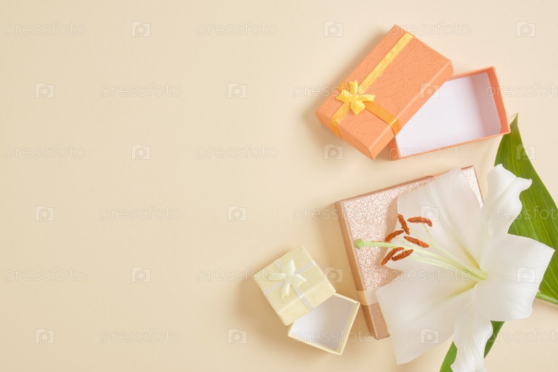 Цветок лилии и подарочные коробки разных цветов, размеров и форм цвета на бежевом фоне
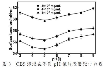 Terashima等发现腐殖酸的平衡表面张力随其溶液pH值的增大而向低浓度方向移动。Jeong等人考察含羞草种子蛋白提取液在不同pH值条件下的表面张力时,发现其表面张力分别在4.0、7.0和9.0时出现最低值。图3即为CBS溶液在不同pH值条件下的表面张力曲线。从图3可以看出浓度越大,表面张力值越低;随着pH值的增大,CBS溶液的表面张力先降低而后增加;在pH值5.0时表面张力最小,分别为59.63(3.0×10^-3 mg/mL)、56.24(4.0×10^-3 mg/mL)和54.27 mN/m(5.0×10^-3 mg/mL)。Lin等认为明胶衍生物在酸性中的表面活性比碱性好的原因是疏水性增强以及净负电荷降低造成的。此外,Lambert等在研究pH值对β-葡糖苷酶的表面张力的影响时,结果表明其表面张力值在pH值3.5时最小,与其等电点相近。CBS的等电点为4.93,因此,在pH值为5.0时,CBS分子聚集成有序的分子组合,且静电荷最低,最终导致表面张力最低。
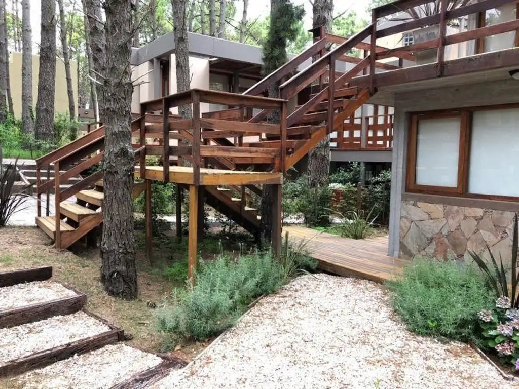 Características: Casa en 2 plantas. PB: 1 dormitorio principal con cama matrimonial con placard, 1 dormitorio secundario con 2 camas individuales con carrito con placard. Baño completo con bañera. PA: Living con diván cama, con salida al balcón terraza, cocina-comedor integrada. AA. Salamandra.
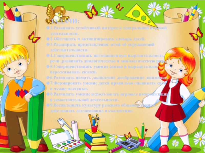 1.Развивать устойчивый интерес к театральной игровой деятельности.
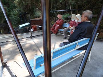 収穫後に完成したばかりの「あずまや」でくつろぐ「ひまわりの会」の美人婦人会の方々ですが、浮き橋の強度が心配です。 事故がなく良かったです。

* * *

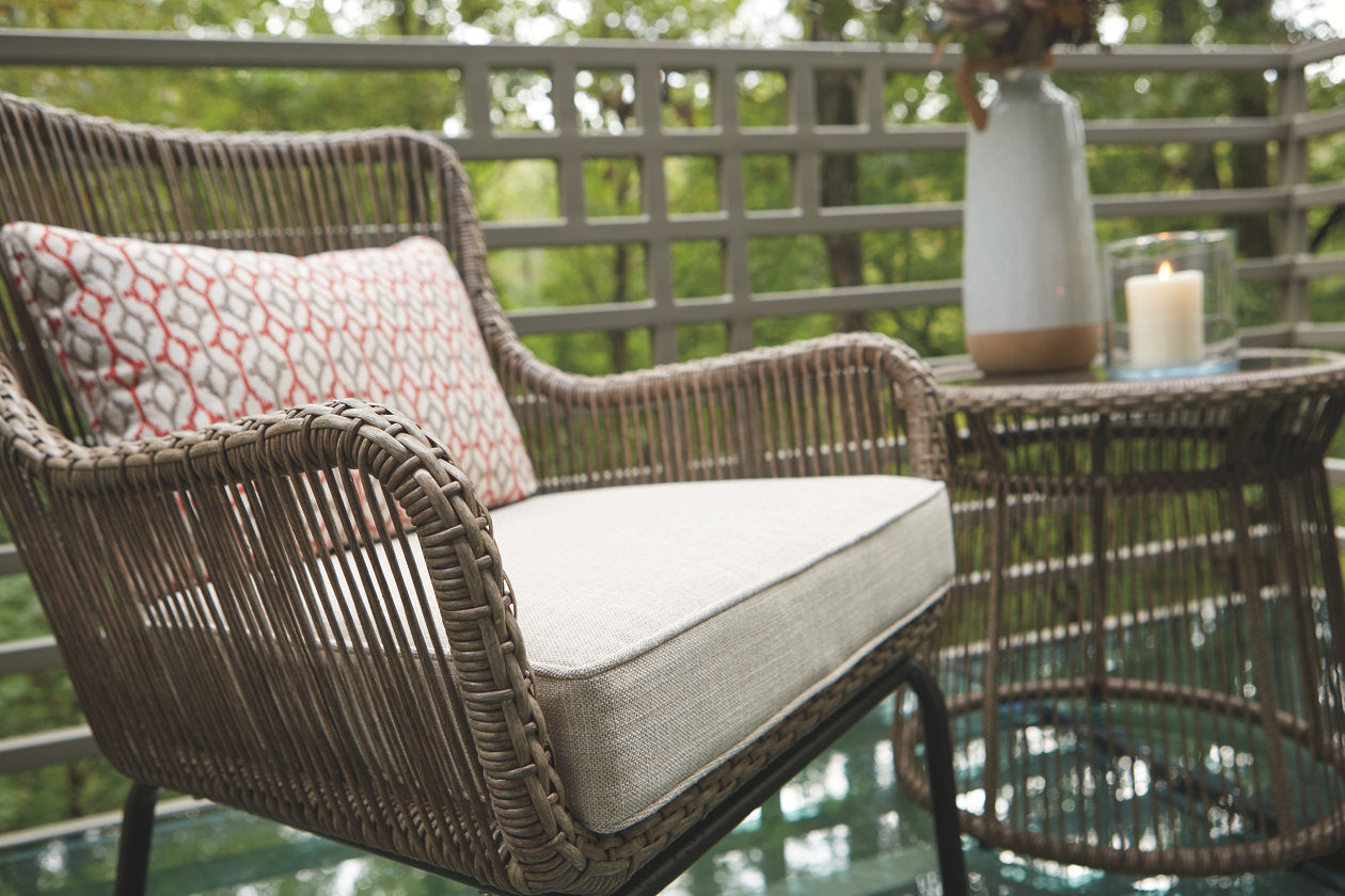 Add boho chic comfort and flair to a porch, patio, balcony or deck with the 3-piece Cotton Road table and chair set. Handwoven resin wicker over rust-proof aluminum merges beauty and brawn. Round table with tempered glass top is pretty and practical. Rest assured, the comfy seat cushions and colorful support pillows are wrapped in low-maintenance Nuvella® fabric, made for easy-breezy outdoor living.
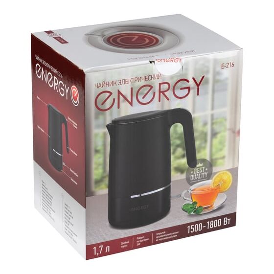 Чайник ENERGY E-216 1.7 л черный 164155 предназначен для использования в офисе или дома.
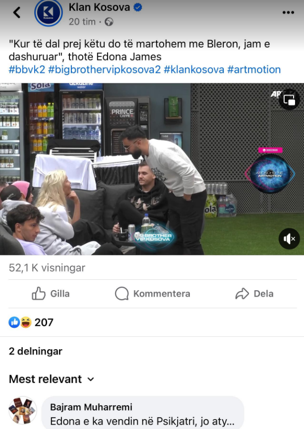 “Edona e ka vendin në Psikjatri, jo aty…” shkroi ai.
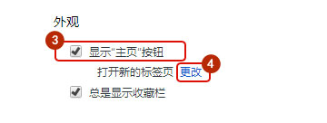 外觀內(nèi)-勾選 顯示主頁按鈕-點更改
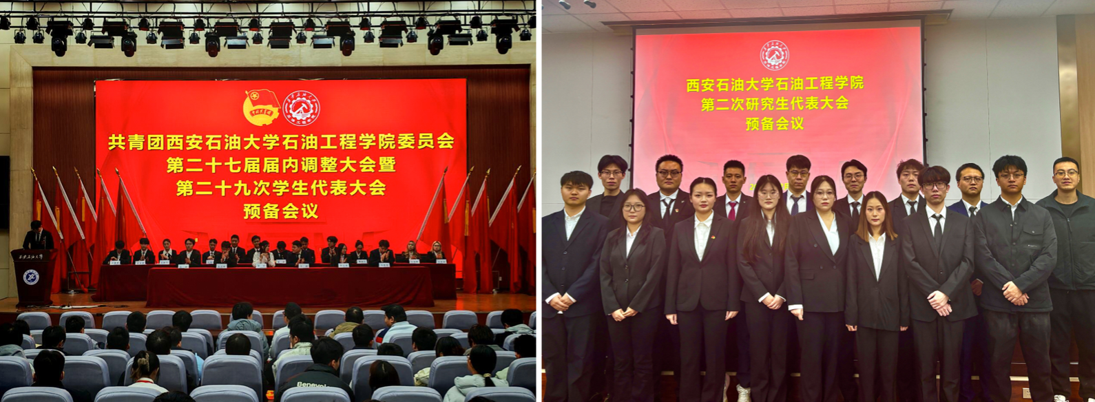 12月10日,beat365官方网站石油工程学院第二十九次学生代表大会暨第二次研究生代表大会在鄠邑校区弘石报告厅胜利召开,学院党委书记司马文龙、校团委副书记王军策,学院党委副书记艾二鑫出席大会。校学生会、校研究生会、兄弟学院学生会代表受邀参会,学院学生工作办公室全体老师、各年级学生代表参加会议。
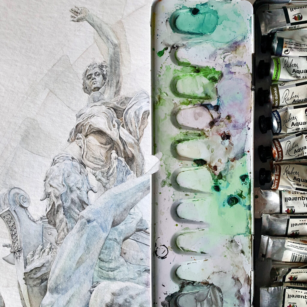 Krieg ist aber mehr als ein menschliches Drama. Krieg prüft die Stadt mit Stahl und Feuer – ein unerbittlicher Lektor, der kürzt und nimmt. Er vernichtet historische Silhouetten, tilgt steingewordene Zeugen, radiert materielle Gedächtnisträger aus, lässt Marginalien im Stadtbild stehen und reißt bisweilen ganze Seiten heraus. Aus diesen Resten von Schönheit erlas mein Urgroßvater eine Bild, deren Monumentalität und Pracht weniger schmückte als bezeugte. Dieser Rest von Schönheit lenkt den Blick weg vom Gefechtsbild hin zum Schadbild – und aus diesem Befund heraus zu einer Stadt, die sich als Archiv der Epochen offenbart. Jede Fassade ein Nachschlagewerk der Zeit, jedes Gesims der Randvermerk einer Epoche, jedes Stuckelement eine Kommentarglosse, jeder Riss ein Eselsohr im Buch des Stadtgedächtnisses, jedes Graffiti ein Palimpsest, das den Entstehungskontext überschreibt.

* * *

◆ **THE TASK**
What you write out is the stretch of entries from the line containing "1.Развивать устойчивый интерес" to the line containing "収穫後に完成したばかりの「あ", word for word, with both end lines and no pictures.

◆ **EXERCISE SOLUTION**
 1.Развивать устойчивый интерес к театральной игровой деятельности.
 収穫後に完成したばかりの「あずまや」でくつろぐ「ひまわりの会」の美人婦人会の方々ですが、浮き橋の強度が心配です。 事故がなく良かったです。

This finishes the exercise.